## Exercise 1: Line of Best Fit

In school, you probably worked with scatterplots and drew lines of best fit on the data that didn't deviate too far from the scatterpoints. By doing it this way, we would minimize the **Error** of the line of best fit.

It is important to choose the model that will generate the least errors when fitted to your data. This will ensure far more reliable outputs. 

![image.png](../assets/ex6-line-best-fit.png)

There are many error functions to choose from when it comes to modelling data. In this exercise , we will look at *Ordinary Least Squares*. As you can see in the picture, the vertical distance from the line of best fit to our data point is called the error.
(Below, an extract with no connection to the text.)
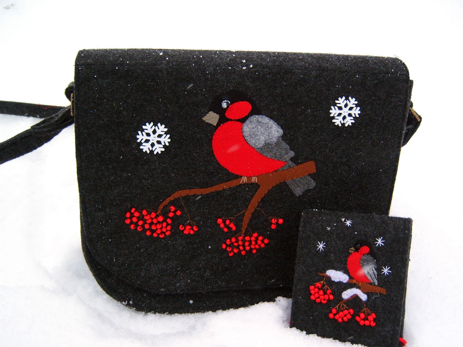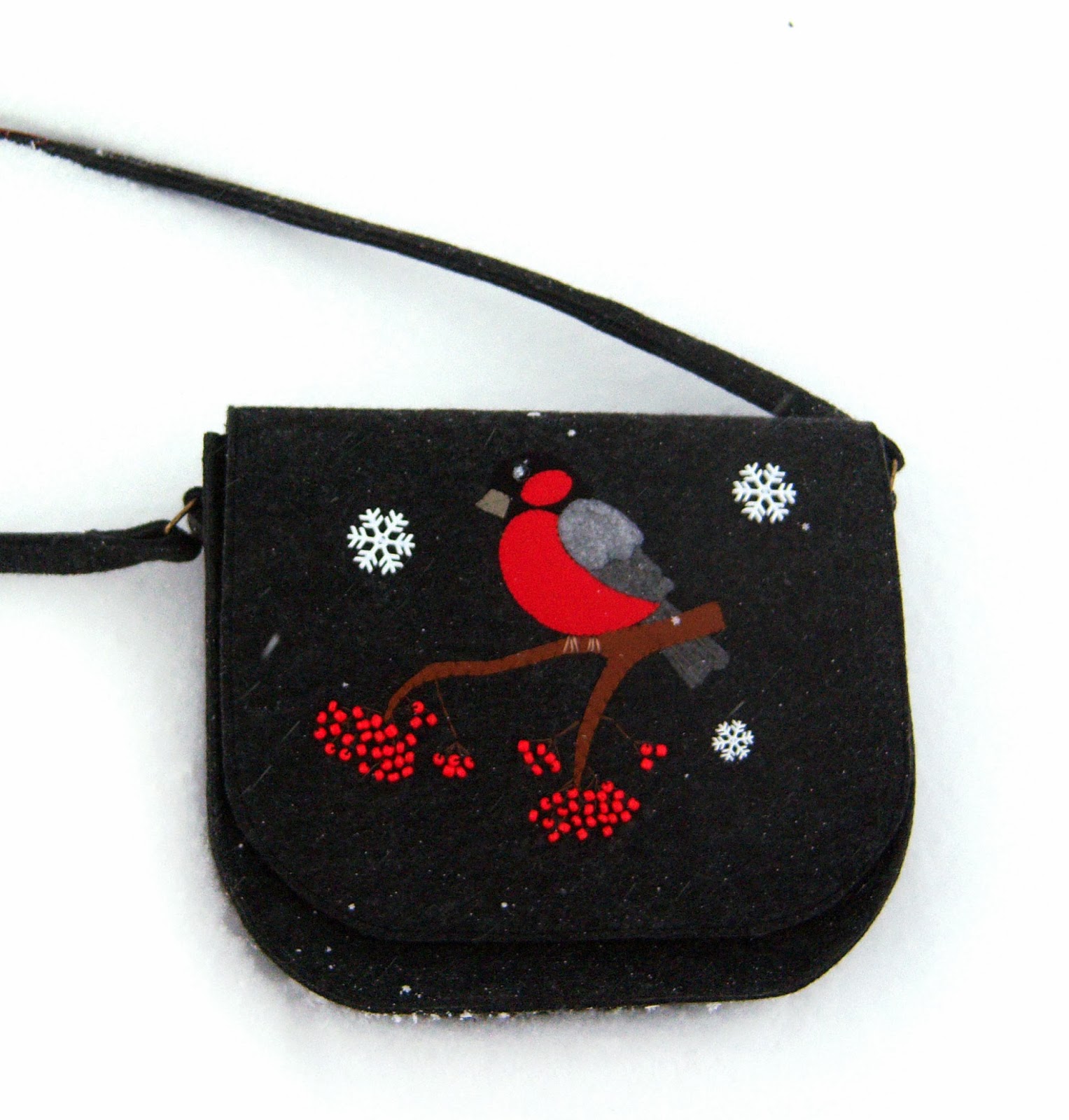 клапан продублювала вітчизняним войлоком (з якого шила першу сумочку). Застібка - магнітна кнопка. Підкладка з новорічної бавовни з сніжинками та одна потайна кишеня на замку.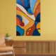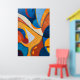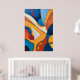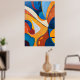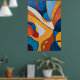 This vibrant abstract painting is a symphony of blues, oranges, and yellows with bold lines and dynamic shapes. The fluives curves and layered colors create a sense of movement and energy, evoking elements of nature or flowing water. Perfect for lovers de l'espèce contemporaine de l'enjoy bold, colorful coolé a apporté de la chaleur et de l'italien à tout l'espace.

If we square the errors and take an average of the errors, we have obtained the **Mean Square Error (MSE)** for the model.

For example, given

- a line of best fit with $\hat y = mx_i$.
- data points $(-2,5)$, $(0,0)$, $(3,-6)$.

 We can compute the MSE:

 $$ MSE = \frac{1}{n}\sum_{i=1}^n (y_i - \hat y)^2$$

where $n$ is the number of data points, $y_i$ is the $y$ coordinate of the data point and $hat y$ is the output the line of best fit predicts for that specific $x$ coordinate.

$$ MSE = \frac{1}{n}\sum_{i=1}^n (y_i - mx_i)^2$$

Let's plug our data points into the error function for the model.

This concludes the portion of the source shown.